Now a summation by parts shows

\begin{align} \sum_{n = k}^m \frac{1}{n^s}\cdot \frac{1}{(\log n)^s} &= \sum_{n = k}^m \bigl(T(n) - T(n-1)\bigr)\frac{1}{(\log n)^s}\\ &= \sum_{n = k}^m \frac{T(n)}{(\log n)^s} - \sum_{n = k-1}^{m-1} \frac{T(n)}{\bigl(\log (n+1)\bigr)^s}\\ &= \frac{T(m)}{\bigl(\log (m+1)\bigr)^s} - \frac{T(k-1)}{(\log k)^s} + \sum_{n = k}^m T(n)\biggl(\frac{1}{(\log n)^s} - \frac{1}{\bigl(\log (n+1)\bigr)^s}\biggr). \end{align}

The triangle inequality, $(1)$ and $(2)$ now yield

\begin{align} \Biggl\lvert \sum_{n = k}^m \frac{1}{n^s}\cdot \frac{1}{(\log n)^s}\Biggr\rvert &\leqslant \frac{C}{\log (m+1)} + \frac{C}{\log k} + C\lvert s\rvert \sum_{n = k}^m \biggl(\frac{1}{\log n} - \frac{1}{\log (n+1)}\biggr)\\ &= \frac{C(1+\lvert s\rvert)}{\log k} - \frac{C(\lvert s\rvert - 1)}{\log (m+1)}\\ &< \frac{C(1+\lvert s\rvert)}{\log k}, \end{align}

so the series

$$\sum_{n = 2}^{\infty} \frac{1}{t_n^s} = \sum_{n = 2}^{\infty} \frac{1}{n^s(\log n)^s}$$

is convergent. By the introductory remark, it follows that

$$\sum_p \frac{1}{p^s}$$

is convergent for $\operatorname{Re} s = 1$ and $s \neq 1$.

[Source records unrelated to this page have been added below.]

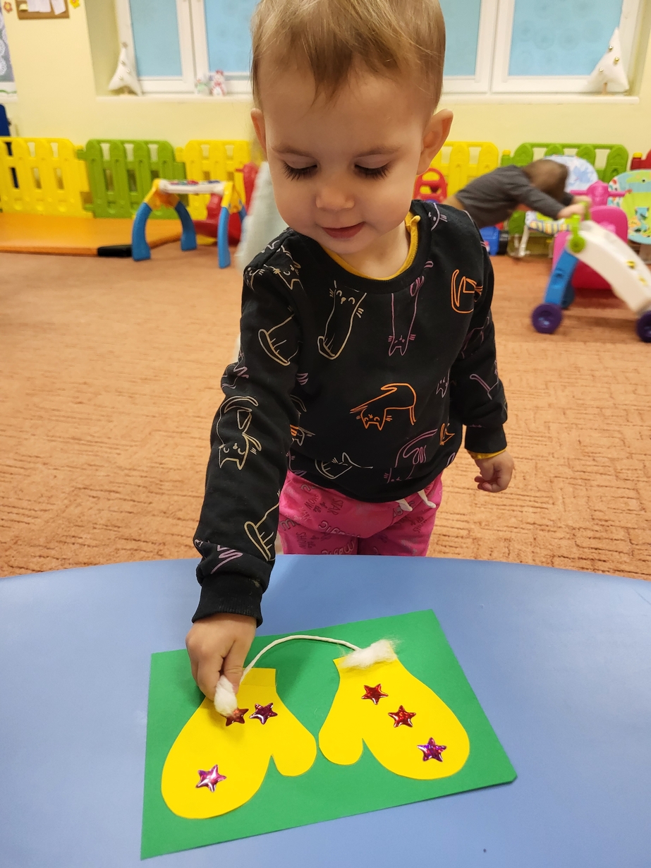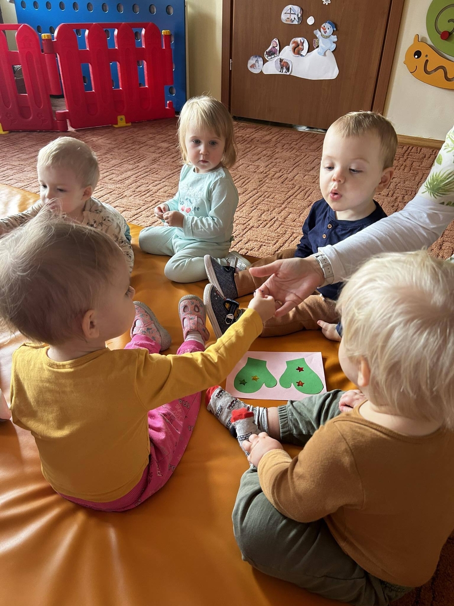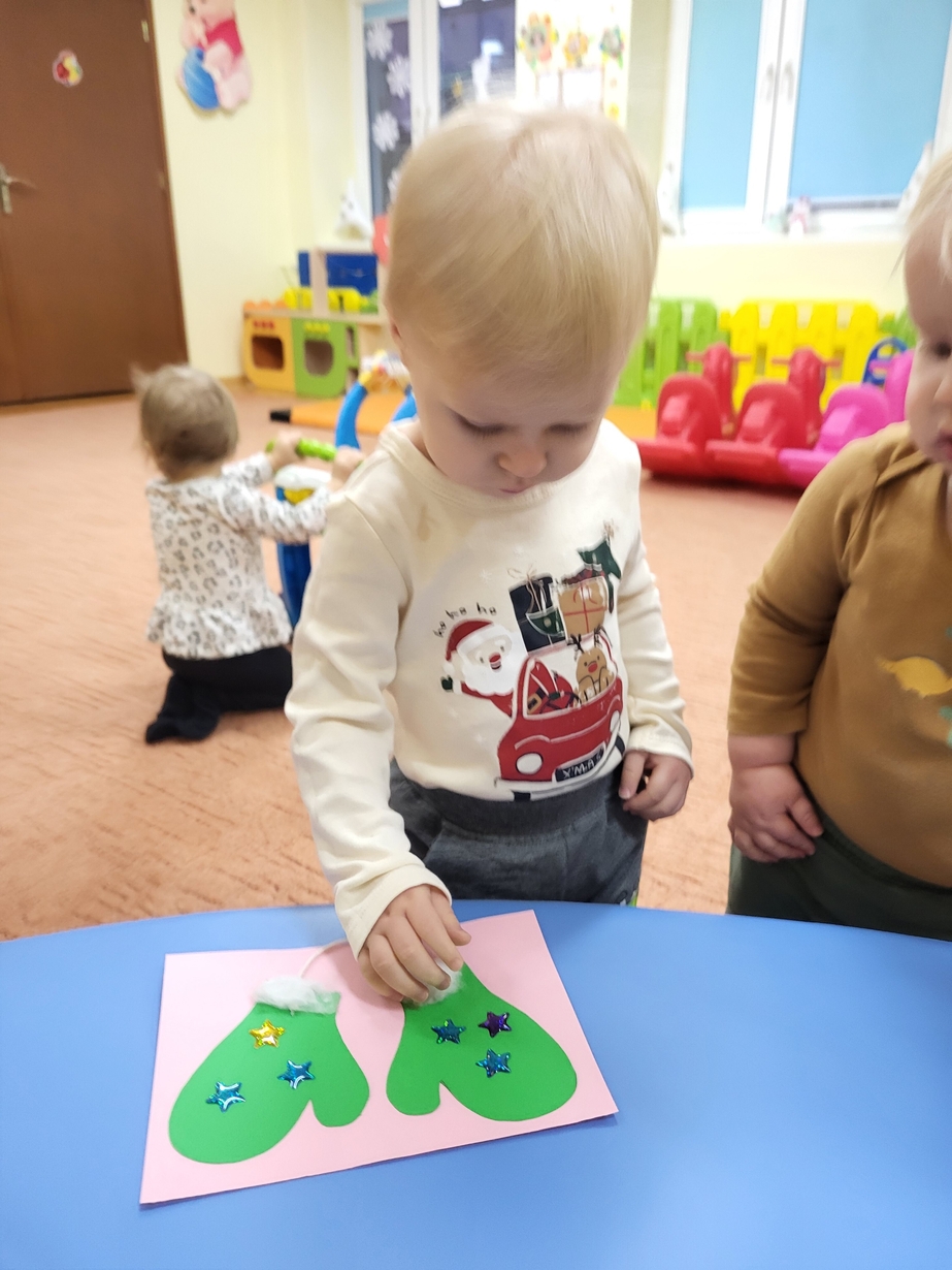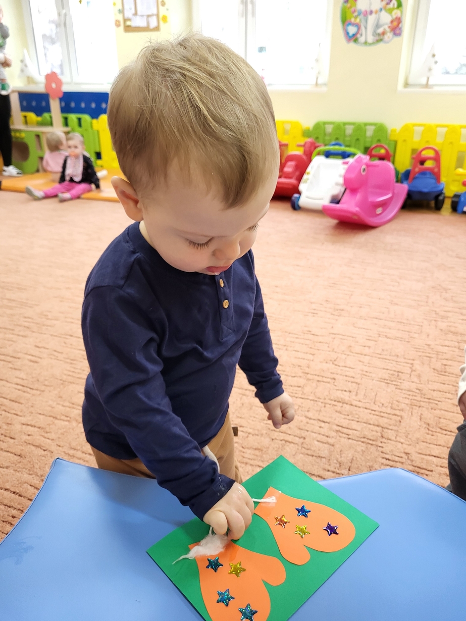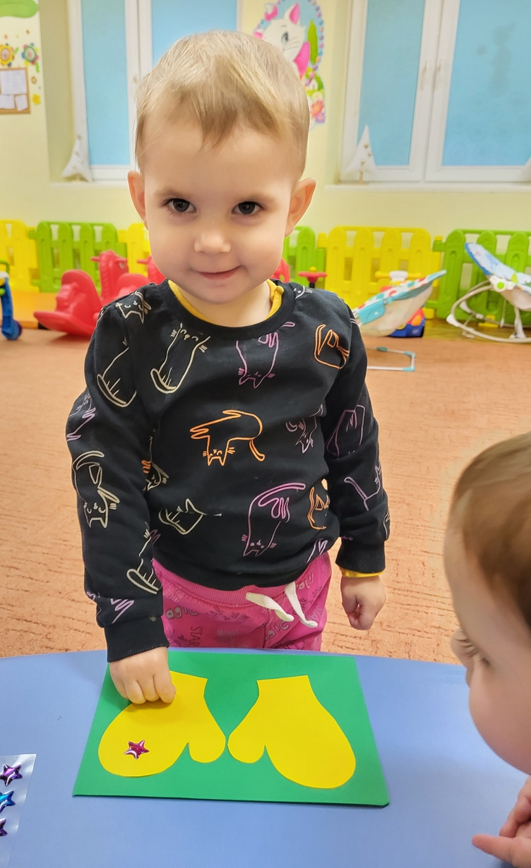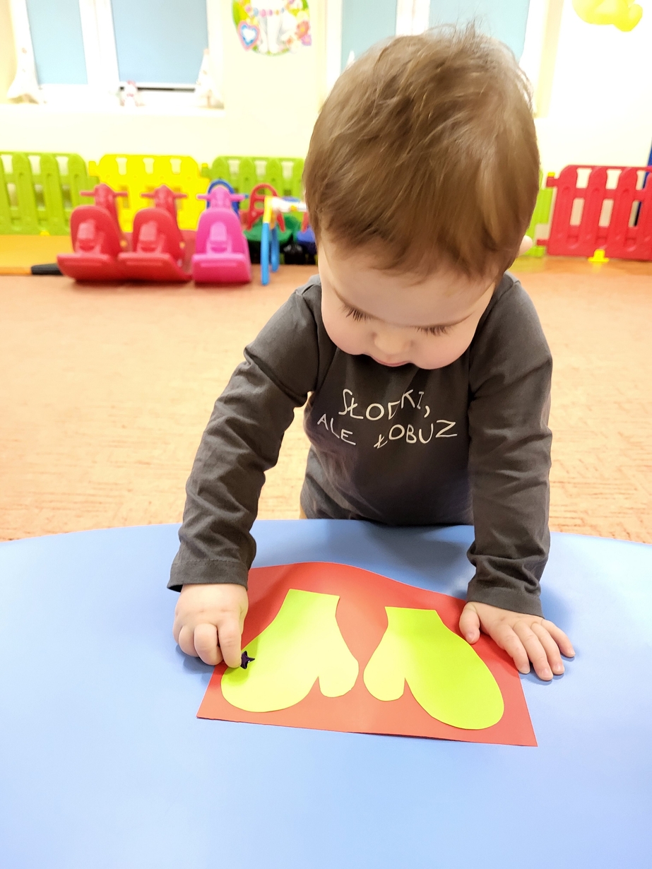 Potrzebne nam rękawiczki. Wiele radości sprawiło maluszkom przyklejanie gwiazdek jako ozdoby rękawiczek. Powstały super projekty a dzieciaczki poćwiczyły paluszki.
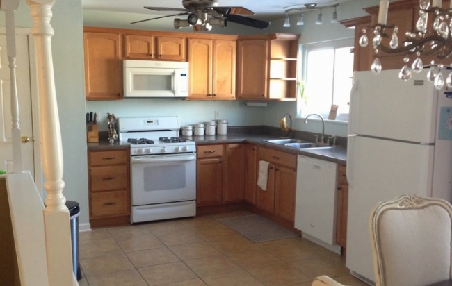 Все та ж біла фарба замість помаранчевої, молдинги на фасадах і відкриті вітрини нагорі замість закритих полиць перетворюють старомодну кухню в сучасний простір.
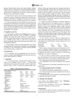 This standard outlines procedures utilizing open tubular column gas chromatography with a flame ionization detector (FID), a sensitive and widely adopted technique suitable for detecting common contaminants in MTBE. The method enables the detection of impurities at concentrations as low as 0.02% by mass.

• Thanks for your effort! I'll await possible remarks from other users before accepting your answer, but probably I will. – punctured dusk Jan 17 '16 at 16:52
• I have a proof via approximation ($p_n \sim n\log n$ is good enough that one series converges iff the other converges for $\operatorname{Re} s \geqslant 1$) and summation by parts. You might like it. – Daniel Fischer Jan 17 '16 at 19:28

the prime number theorem says that there exists $A$ such that $\ln \zeta(s) + \ln(s-1)$ doesn't have any singularity for $\sigma > 1-\frac{A}{1+|\log t|}$,

also, for $\Re(s) \ge 1/2+\epsilon$ : $\ln \zeta(s) = \mathcal{O}(1) + \sum_p p^{-s}$ you'll find that all this implies that $\sum_{p \le x} p^{-s} - \sum_{n \le x} \frac{n^{-s}}{\ln n}$ converges when $x \to \infty$ and $\sigma > 1-\frac{A}{1+|\log t|}$, thus for $\Re(s) \ge 1$